Commentary: Advancing Liberty by Divesting from China

by Rick Manning

 

No President in our lifetimes has been tougher on China than President Donald Trump. The Trump administration has courageously and steadfastly taken on China’s many trade abuses, threats to national security and human rights abuses. His Art of the Deal got China to agree to a phase one trade agreement even though it left tariffs of 25 percent on $250 billion of goods and another 7.5 percent on the remaining $300 billion of goods. The administration have made it clear to Beijing that its continued actions that threaten Hong Kong and Taiwan will not go unchecked. And the Defense Department has named 31 companies listed on U.S. stock exchanges that are either owned or controlled by the Chinese Communist Party and military.

Recently, and in addition, the Trump administration through the Thrift Savings Plan Board has made the all-important decision to exclude risky Chinese state-owned, non-transparent assets from the federal employees’ 401(K) Thrift Savings Plan. On May 13, the Federal Retirement Thrift Investment Board delayed implementation of switching the I Fund benchmark to the Morgan Stanley Capital International All Country World Ex-U.S. Investable Market Index, which would have included China.

Significantly, U.S. Labor Secretary Eugene Scalia stated that stopping the inclusion of Chinese assets in the Thrift Savings Plan was necessary because it, “would place millions of federal employees, retirees, and service-members in the untenable position of choosing between forgoing any investment in international equities or placing billions of dollars in retirement savings in risky companies that pose a threat to U.S. national security.”

Secretary Scalia’s statement matters because the Labor Department also has a legal responsibility to ensure that private retirement investments are suitable, and under the same rationale used to urge federal retirement accounts be protected from unsafe Chinese investment, the Department should immediately end all private retirement investments in Chinese assets.  The Secretary can do this simply by amending the current pending “Financial Factors in Selecting Plan Investments” regulation to disqualify all companies that do not adhere to the transparency requirements of Dodd-Frank and Sarbannes-Oxley.

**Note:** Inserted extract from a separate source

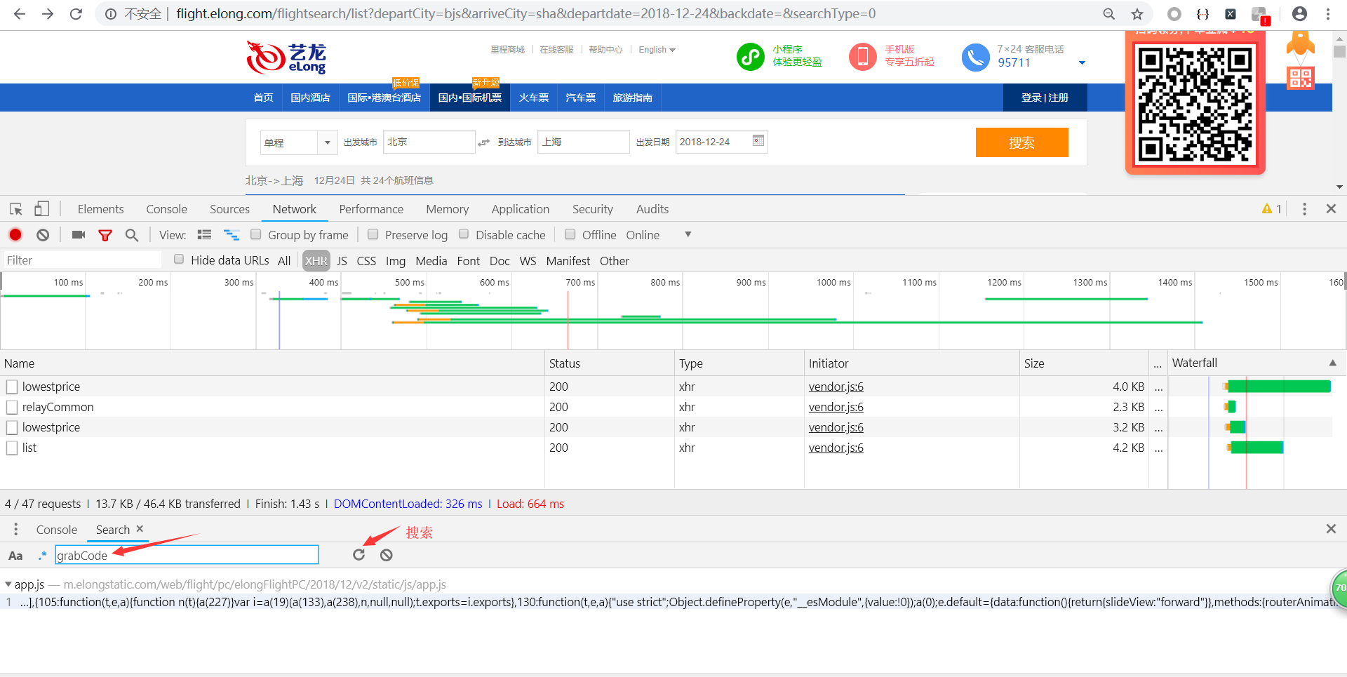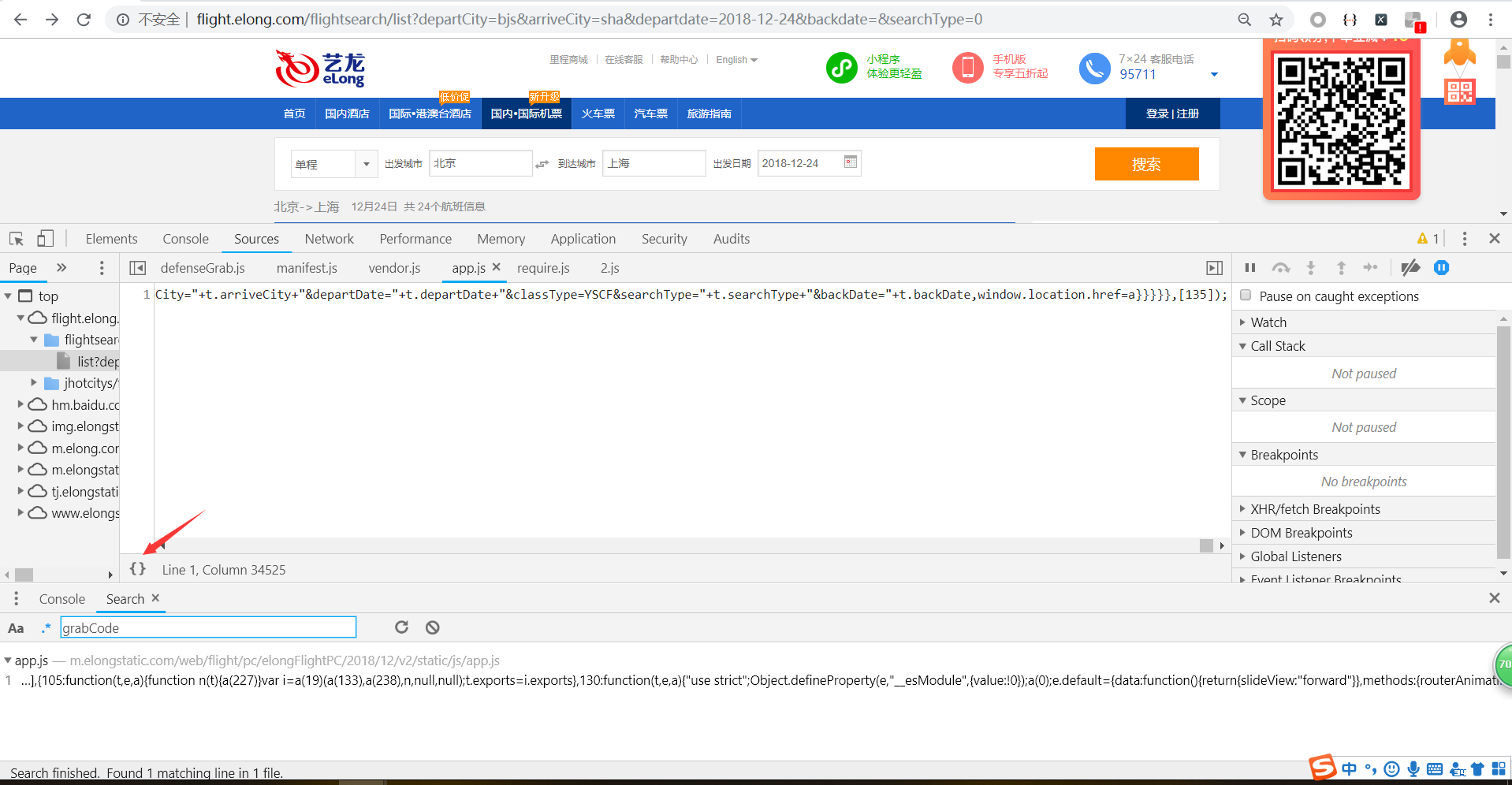 通过关键字grabCode,来查找js调用接口的位置。(这里也可以通过其他方法如请求方式Post来搜索位置)

The obvious question is if Chinese assets are too risky for inclusion in the federal TSP, why would they be allowed to be included in private 401(K) investments where the same argument directly applies? The answer is that they are not, and under ERISA it is the Labor Department’s job to protect private sector retirement specific investments or pensions from choices that are unsuitably risky.

In a July 7 letter from National Security Advisor Robert O’Brien and Larry Kudlow, Director of the National Economic Council to the head of the U.S. Railroad Retirement Board, they state,d “The NRRI’s Trust’s investment in the PRC exposes the retirement funds of railroad workers to significant and unnecessary economic risk.”

Once again the question is why should private pension investments be allowed to be put into this risk when other public retirement funds are being urged to protect their retirees by ending these investments?

O’Brien and Kudlow continue by citing the exact transparency risk which directly puts Chinese assets in conflict with both the letter and intent of ERISA, “Another key reason why the NRI Trust’s investments in PRC companies expose American railroad retirees to substantial economic risk is because the Chinese government prevents companies with Chinese operations listed on U.S. exchanges from complying with applicable U.S. securities laws, leaving investors without the benefit of important protections.”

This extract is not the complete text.